* WORK ORDER *
Nothing but the lines from the one containing "Ühevärvilisest tehnilisest nailonist" through the last line of the records belongs in the answer, copied exactly and with the pictures left out.

* DATA SHOWN *
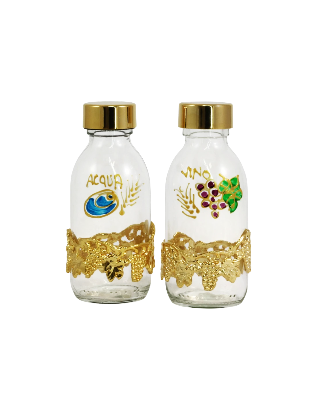 Estas botellas litúrgicas para agua y vino destacan por su estética solemne y simbólica. Están fabricadas en vidrio transparente y rematadas con una ghiera (boca) en fusión metálica con acabado dorado, decorada con elegantes motivos en relieve de uvas y hojas de vid.
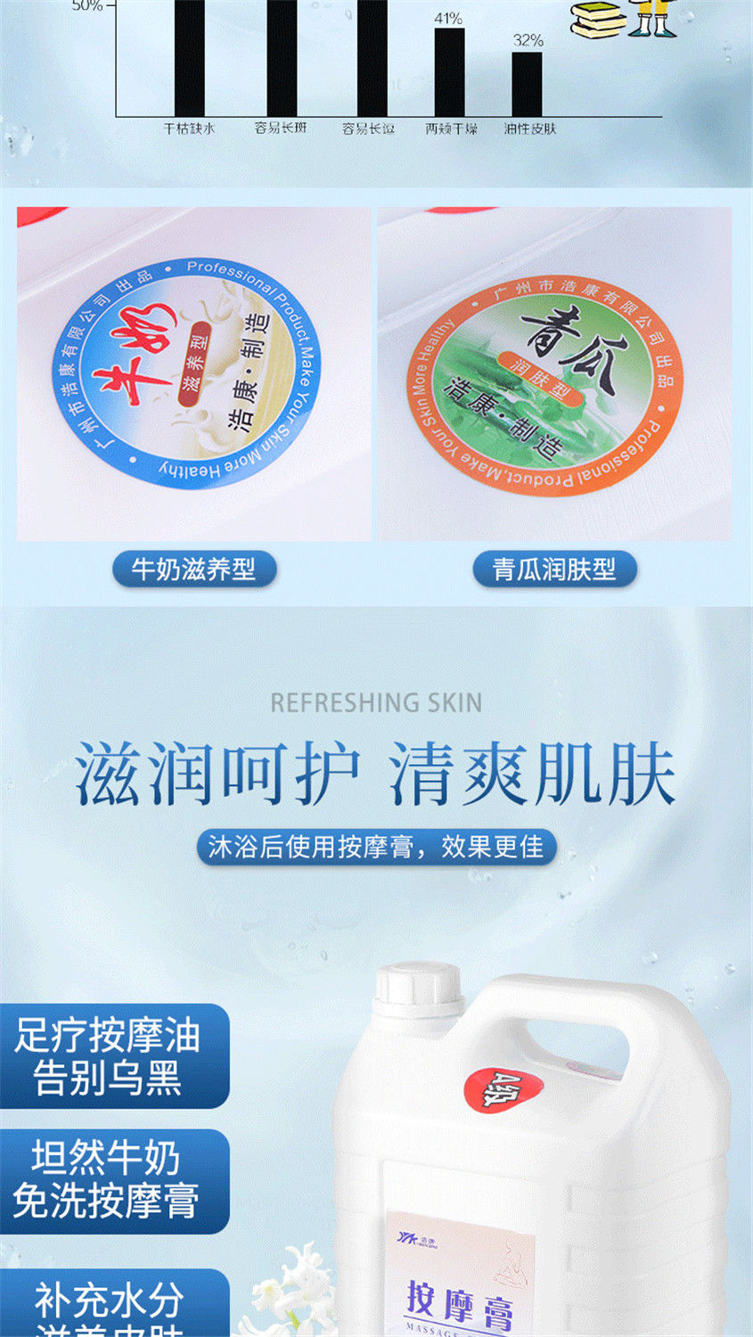 5000ml大桶牛奶按摩膏 青瓜足疗膏 免洗 美容院足浴按摩乳散装 足部免洗足疗用品
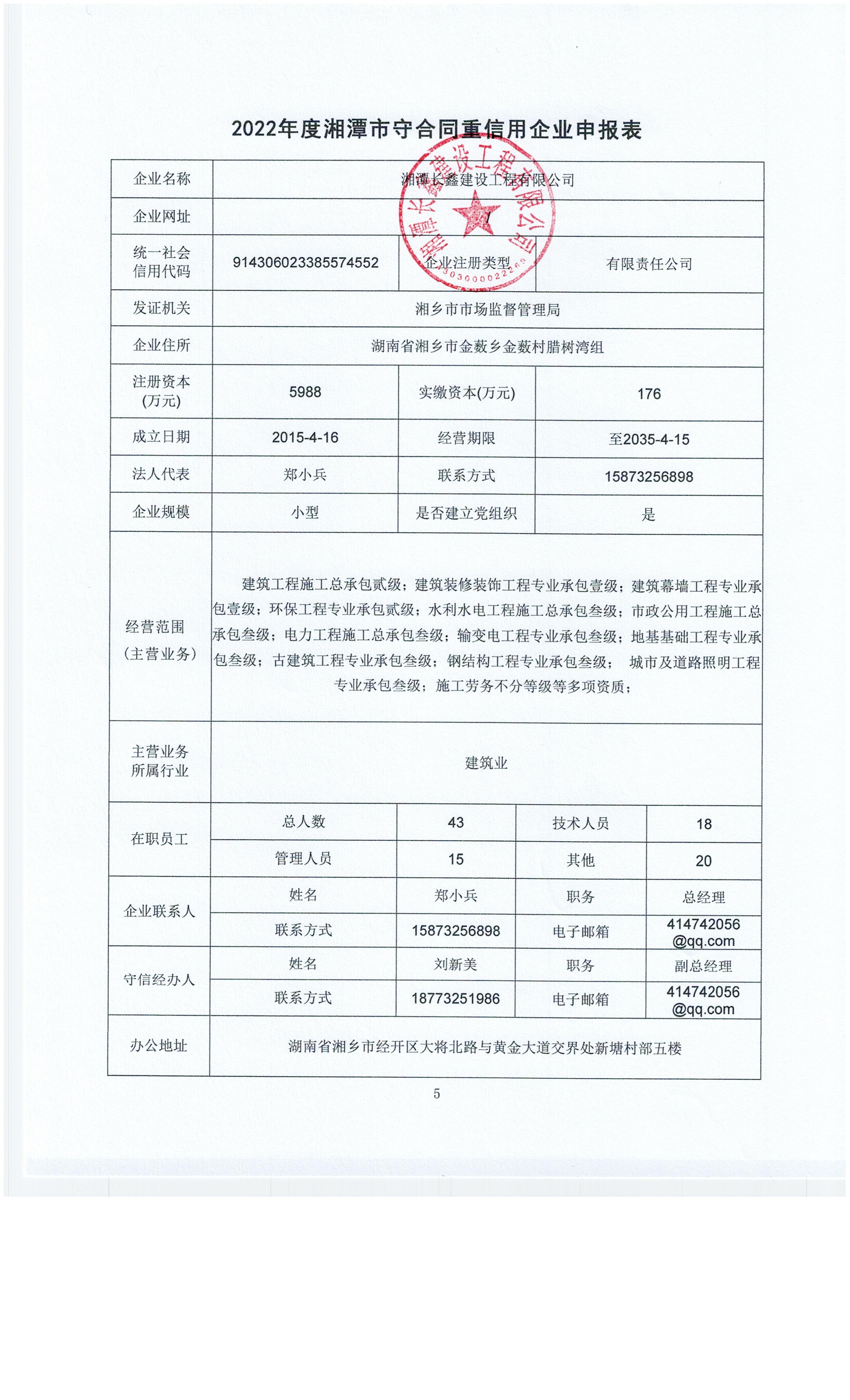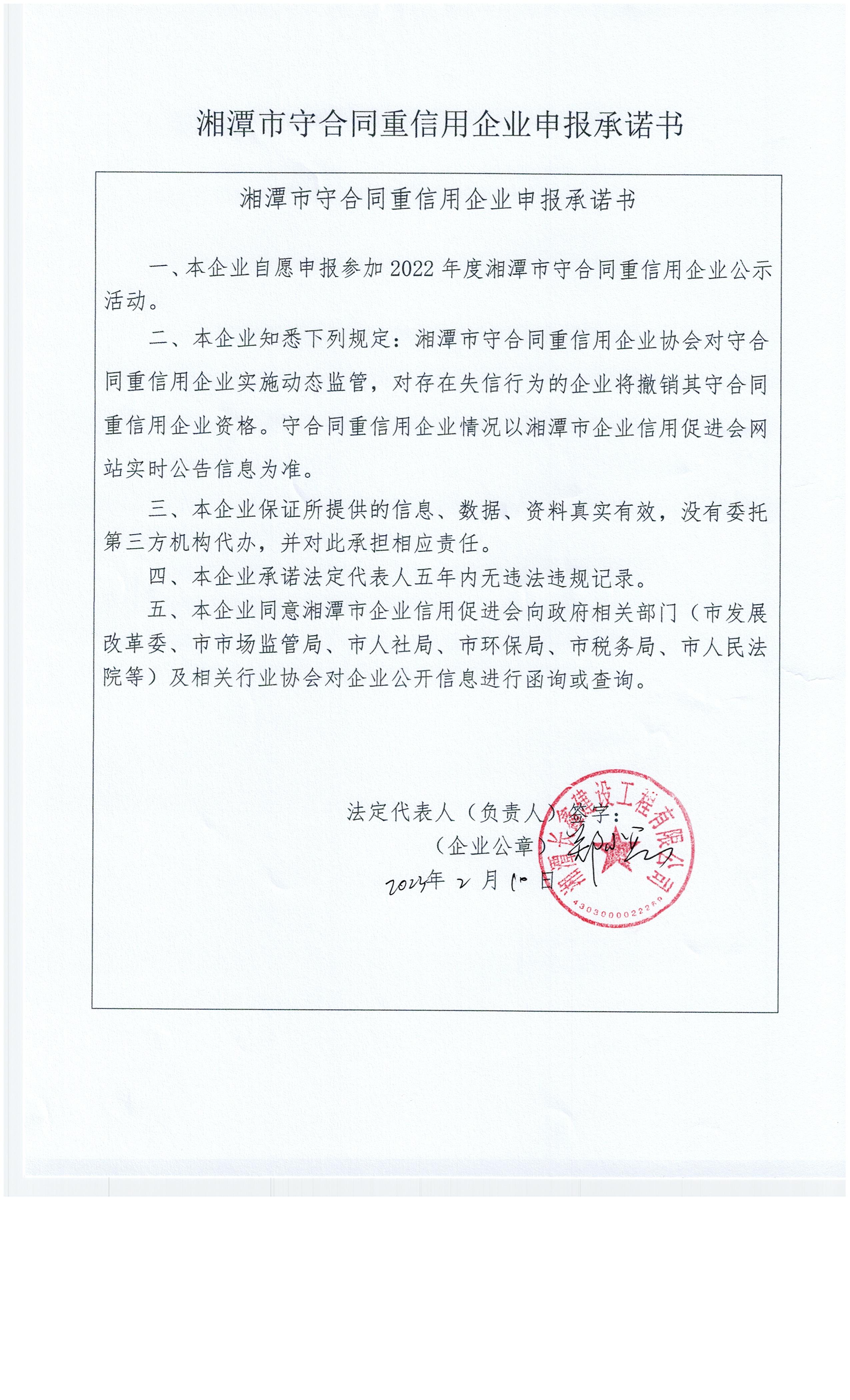 本企業(yè)根據(jù)《湘潭市守合同重信用企業(yè)申報(bào)規(guī)定》等編制 2022 年度企業(yè)信用報(bào)告書,并保證本報(bào)告書內(nèi)容真實(shí)、準(zhǔn)確、完整。
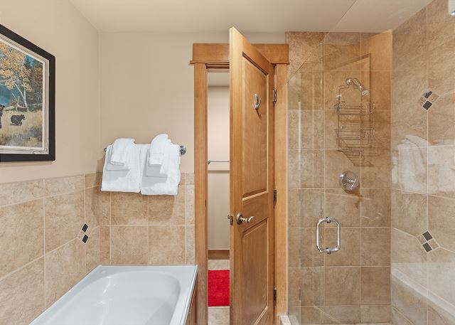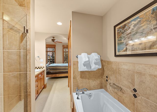 The primary bedroom has a queen-sized bed and a flat screen TV. The en suite bathroom has double sinks, a jetted tub and a walk-in shower with tile surround and glass enclosure.
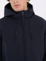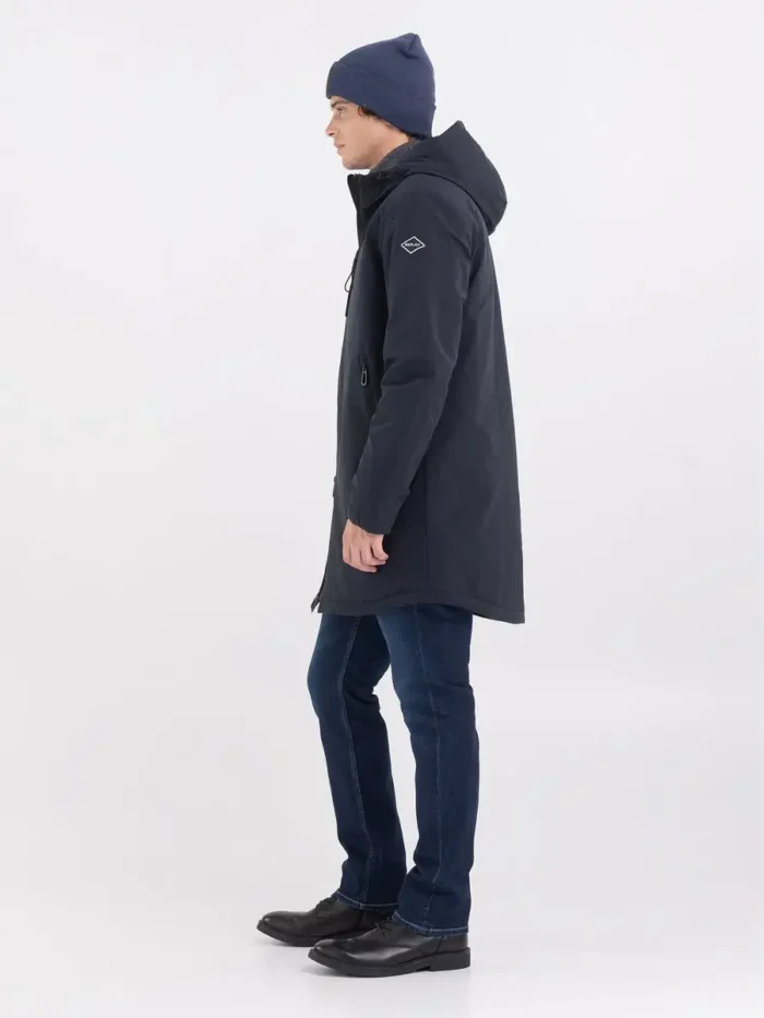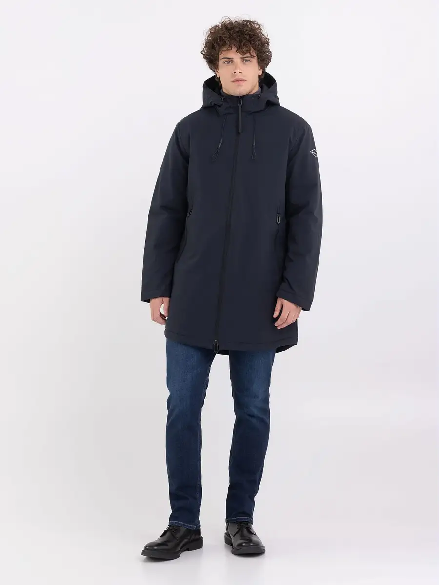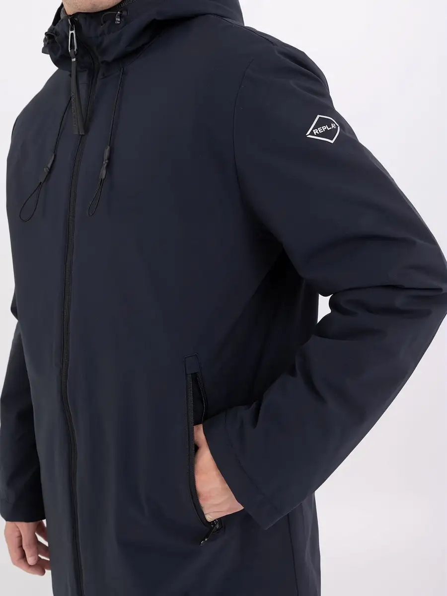 Ühevärvilisest tehnilisest nailonist valmistatud pikk jakk. Kerge sisepolsteriga rõivas on mugavalt istuv ja varustatud nööriga kapuutsiga. Toodet täiustavad kaks külgmist lukuga taskut ja rombikujuline logo varrukal. Täielik tõmblukuga kinnitus.
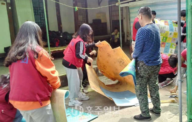 홍성군청소년자원봉사단 청로회(회장 이철이)는 지난 21일 홍성에 있는 독거노인의 집에 방문해 봉사활동을 실시했다.<사진>
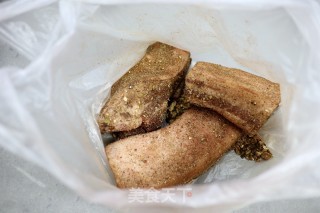 4.将五花肉与腌肉料同入塑料袋中,攥紧袋口,让腌肉料裹满肉块;入冰箱冷藏过夜,如果是白天做,至少腌8小时;
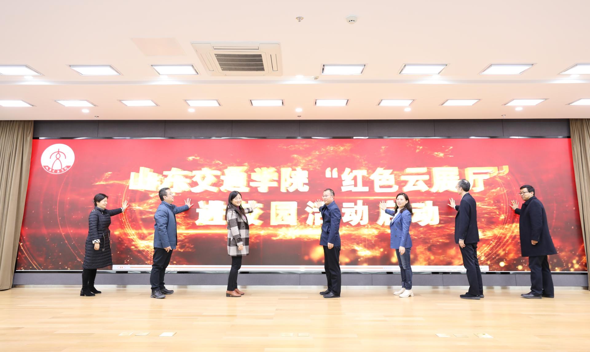 李贞涛、相关职能部门负责人共同上台启动活动。学生工作处处长于翊广宣读了《山东交通学院“红色云展厅”进校园活动方案》。

* RESULT OF THE TASK *
 Ühevärvilisest tehnilisest nailonist valmistatud pikk jakk. Kerge sisepolsteriga rõivas on mugavalt istuv ja varustatud nööriga kapuutsiga. Toodet täiustavad kaks külgmist lukuga taskut ja rombikujuline logo varrukal. Täielik tõmblukuga kinnitus.
 홍성군청소년자원봉사단 청로회(회장 이철이)는 지난 21일 홍성에 있는 독거노인의 집에 방문해 봉사활동을 실시했다.<사진>
 4.将五花肉与腌肉料同入塑料袋中,攥紧袋口,让腌肉料裹满肉块;入冰箱冷藏过夜,如果是白天做,至少腌8小时;
 李贞涛、相关职能部门负责人共同上台启动活动。学生工作处处长于翊广宣读了《山东交通学院“红色云展厅”进校园活动方案》。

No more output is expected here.